I wish Ryan Coogler was coming, but I understand his protest of not coming. I wish I could meet him and just shoot shit, just as two Black men that are really making and giving visual language to our culture and having it be understood on such a large level. I’m also just really excited to take a portrait of Chadwick Boseman’s widow [Taylor Simone Ledward], just generally, but also if he wins best actor. I think that Chadwick Boseman gave us a lot of hope. Then, even in his loss, we got to understand how much dedication he gave to his craft and how much he understood what he as Black Panther would mean to Black people. So I think that’s going to be an extremely, extremely powerful image to have in my canon of work. I think that his legacy is cemented permanently, and we will feel that for the rest of our lifetimes, what he gave.
Given the Oscars’ pretty awful track record when it comes to racial diversity and representation, was that something that you kept in mind when approaching the work?
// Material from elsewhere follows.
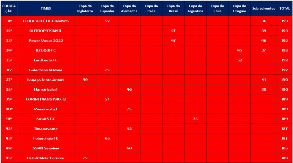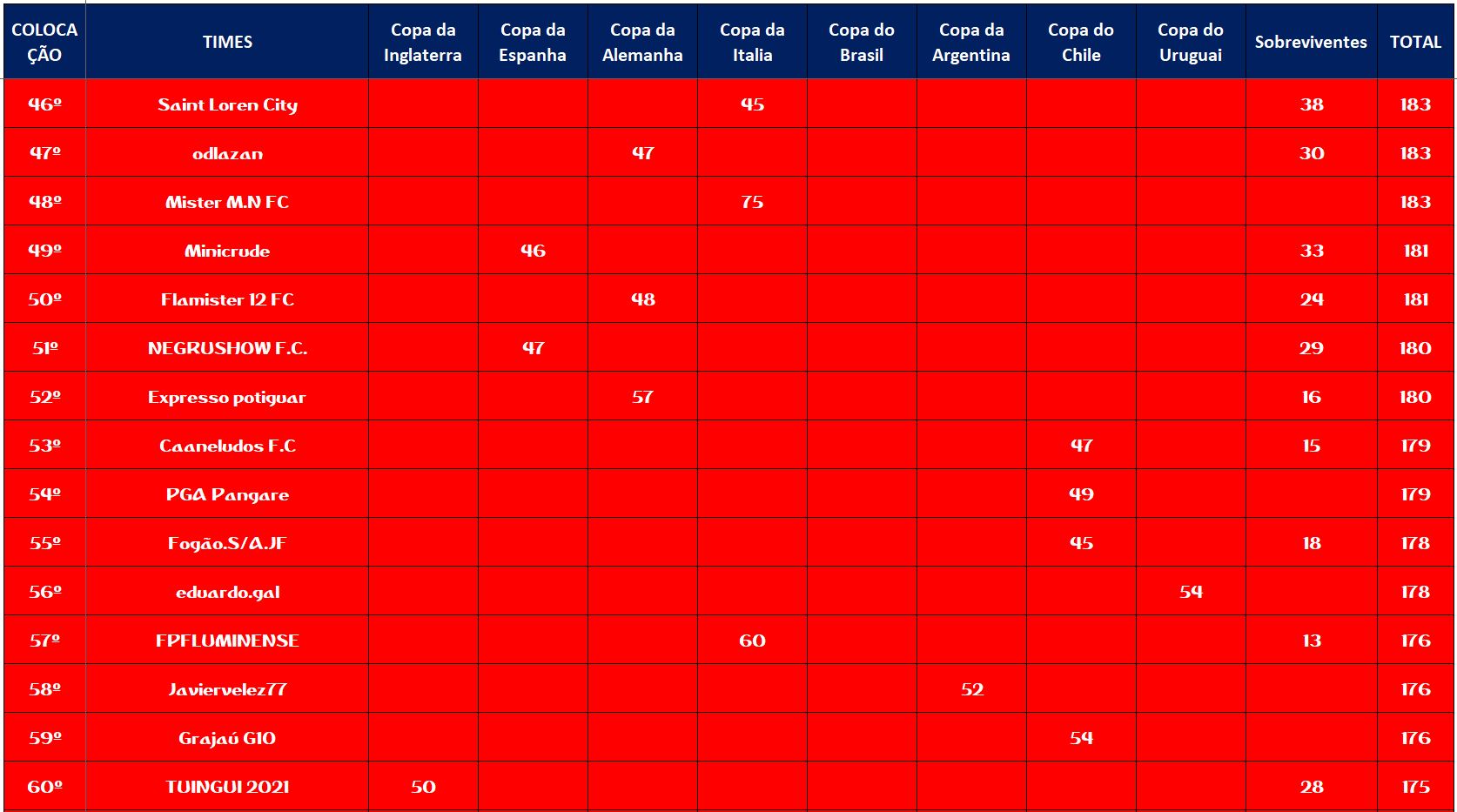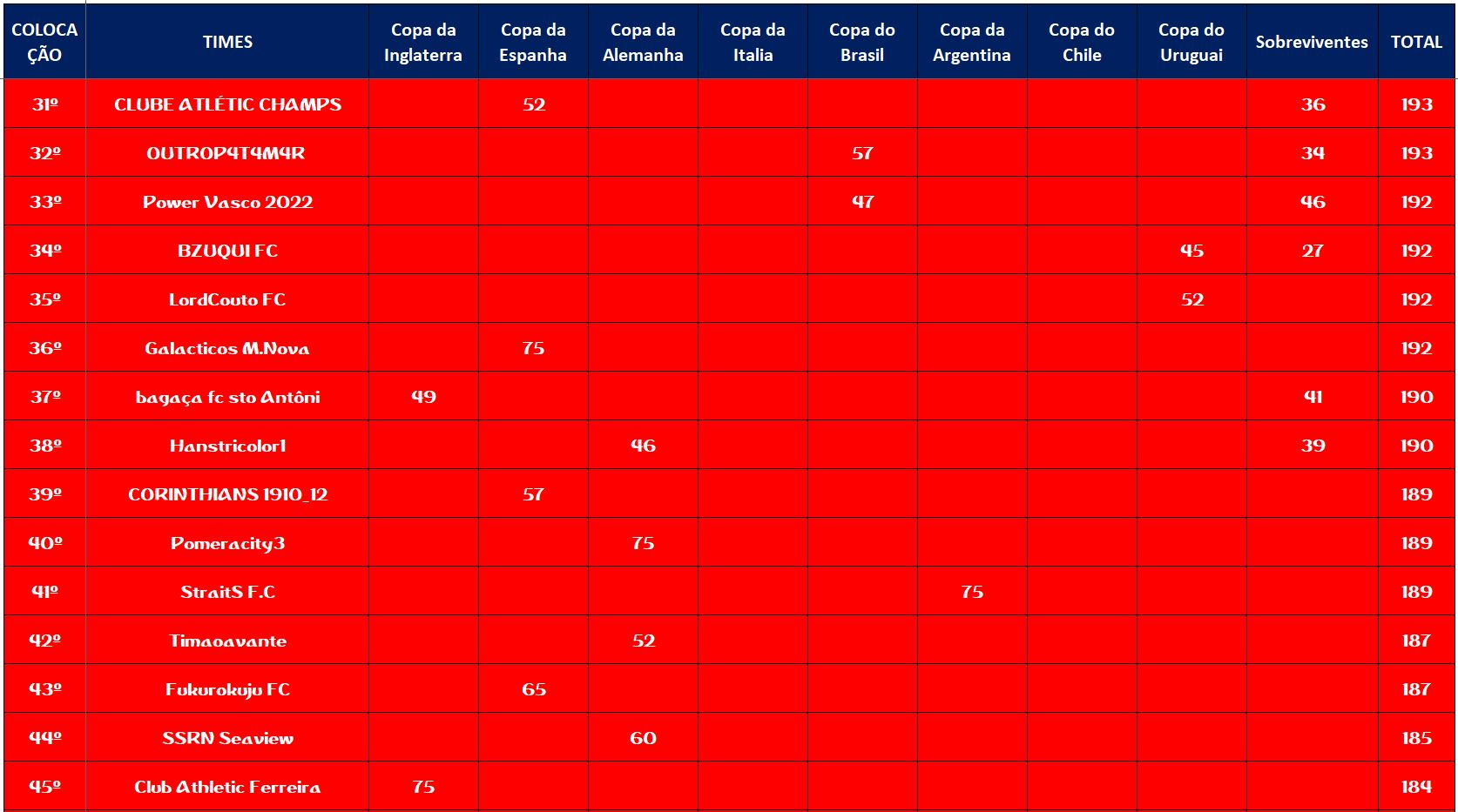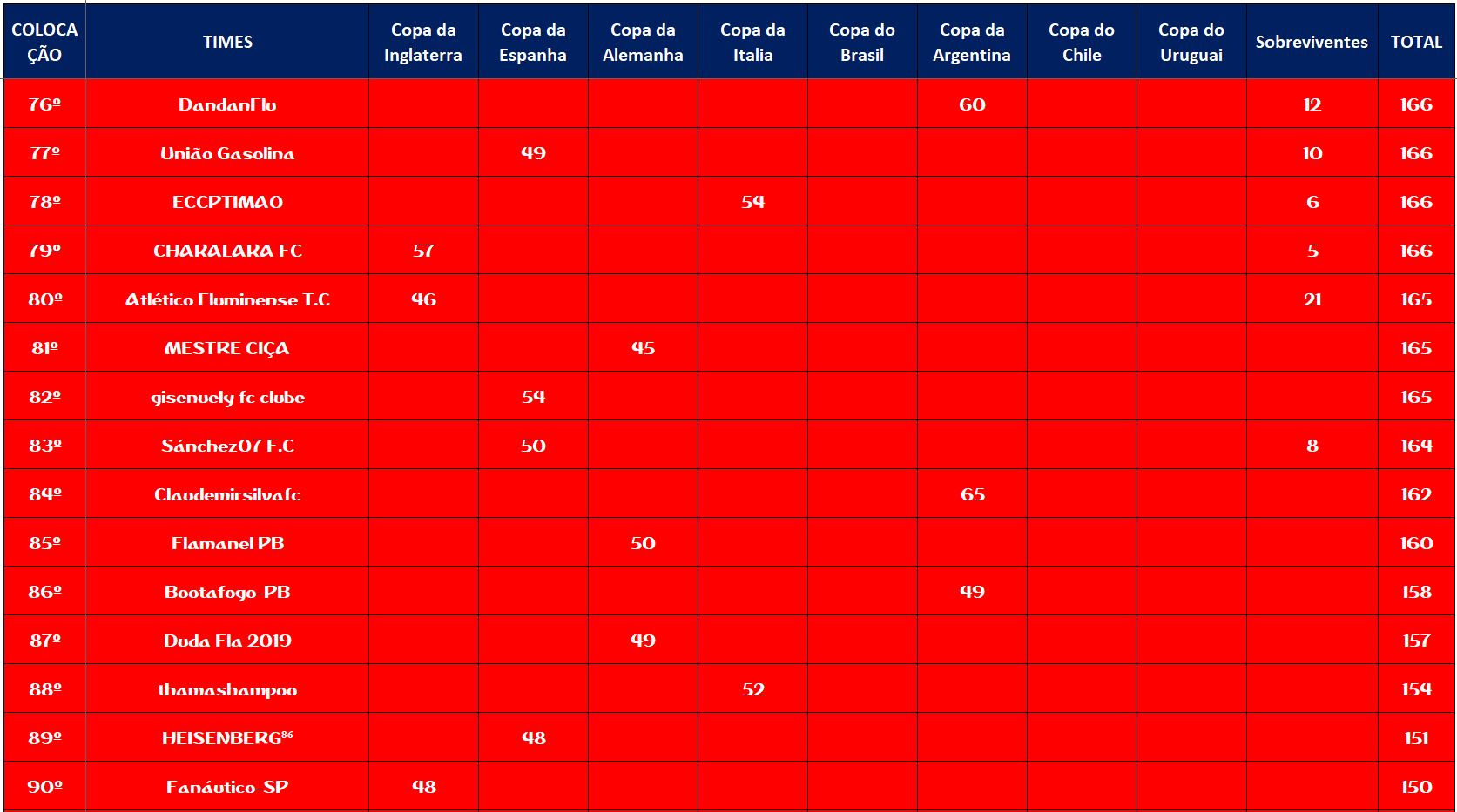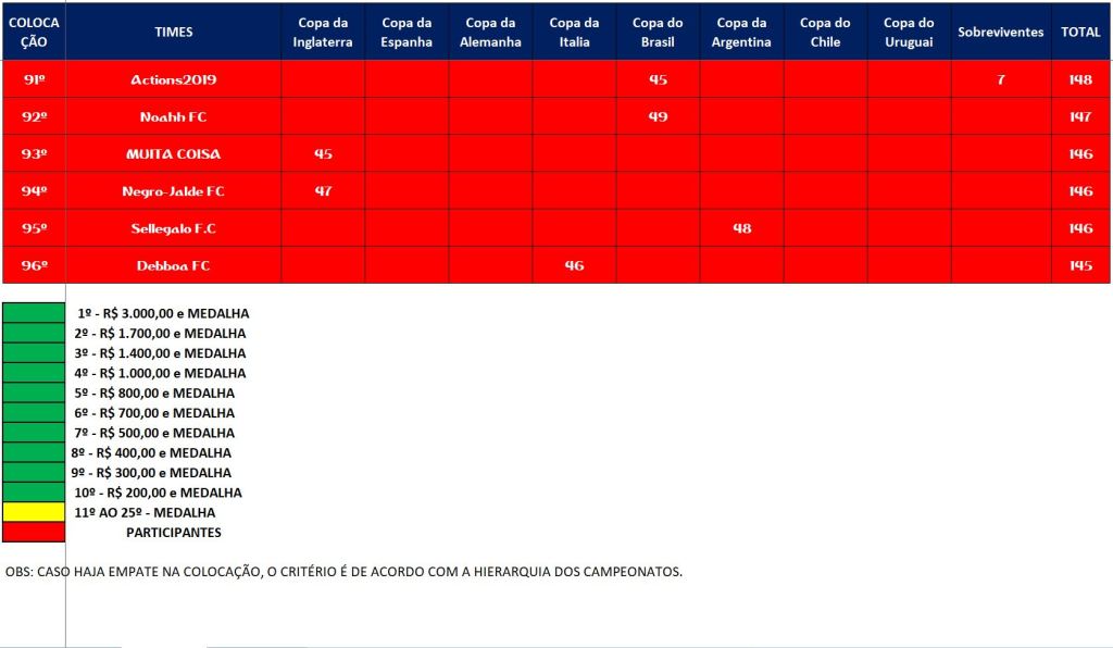 CLASSIFICAÇÃO – O MAIOR CAMPEONATOS DA HISTÓRIA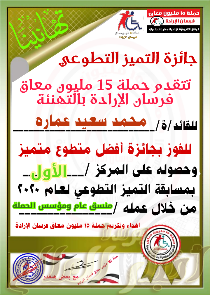 حملة 15 مليون معاق فرسان الإرادة تطلق ” جائزة التميز التطوعي ” على المستوى المحلى تحيا مصر تنطلق اليوم الأحد ٢٠٢١/١/٢ . حملة 15 مليون معاق فرسان الإرادة جائزة التميز التطوعي صرح اليوم الاستاذ \ محمد سعيد عماره المنسق العام ومؤسس الحملة انه سوف تطلق اليوم جائزة التميز التطوعى فى نسختها الاولى في المجالات التالية العمل الجماعي والعمل العام والعمل الخاص والمشروعات التنموية و البرلمان و المحليات يشارك فى الجائزة كافة الفئات من الشباب و المرأة و وذوى الاعاقة و العمال والفلاحين والشباب واعضاء الحملة و تنقسم الجائزة الى خمسة…

I think with all my work, I have to keep in fact that African American history has just been a lot of cultural smudging and erasing. I think that even me taking on this job is rectifying a lot of things that were like, “This should have been fucking [happening],” essentially. Even though I have a little bit of like, “Damn. It took 93 years to have a young Black photographer come in.” I mean, 93 awards ceremonies for a young Black photographer to be shooting the winners, the nominees. But then there’s also this other thing of like, there is change, and there is hope. My existence in the space is just going to keep opening doors for other people. And it’s not only Black people, but it’s opening doors to so many young kids of color to just have this opportunity.
I think that’s why I had to go as hard as I did. And I can’t really feel any hesitation or any fear, because it means so much to so many people for me to get this right. I mean, there is a pressure. But I also know that I feel protected by so many Black people that have walked to just get me to this place, within my own family but just in my entire community.
The 93rd Oscars airs live on Sunday, April 25, at 8 p.m. ET on ABC.